MATERIAL PROVIDED ::
=== Section Start ===

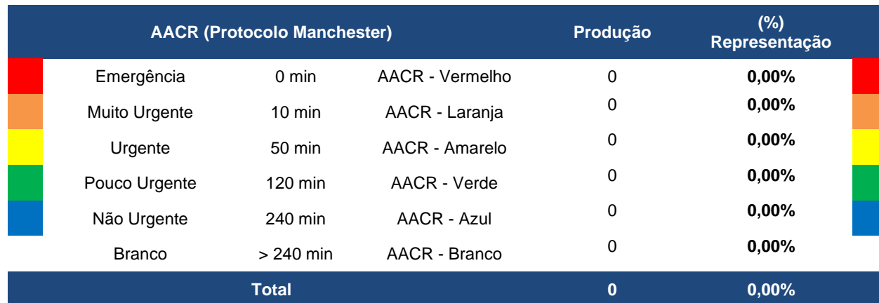
Tabela 7 - Acolhimento, Avaliação e Classificação de Risco – 16 a 31 de dezembro de 2021

Fonte: Relatórios MVSoul, Censo Urgência/Emergência, 2021.
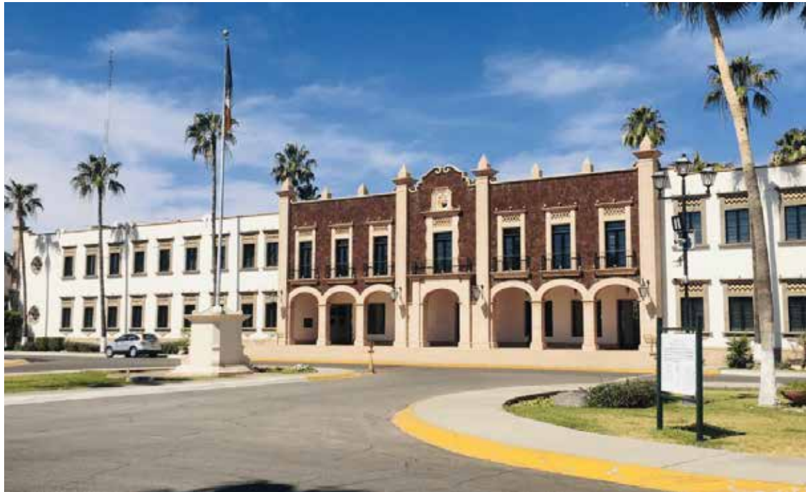
La Unison enfocará todos sus esfuerzos en restablecer las actividades y garantizar la continuidad de los procesos académicos para miles de estudiantes.

“Como parte de las negociaciones, la universidad presentó una propuesta que incluyó mejoras salariales, laborales y de seguridad social. Entre los acuerdos destacan un incremento directo

=== Section End ===

WHAT IS BEING ASKED :: Across the whole listing above, repeat each line exactly and leave out the images.

EXERCISE OUTPUT ::
Tabela 7 - Acolhimento, Avaliação e Classificação de Risco – 16 a 31 de dezembro de 2021

Fonte: Relatórios MVSoul, Censo Urgência/Emergência, 2021.
La Unison enfocará todos sus esfuerzos en restablecer las actividades y garantizar la continuidad de los procesos académicos para miles de estudiantes.

“Como parte de las negociaciones, la universidad presentó una propuesta que incluyó mejoras salariales, laborales y de seguridad social. Entre los acuerdos destacan un incremento directo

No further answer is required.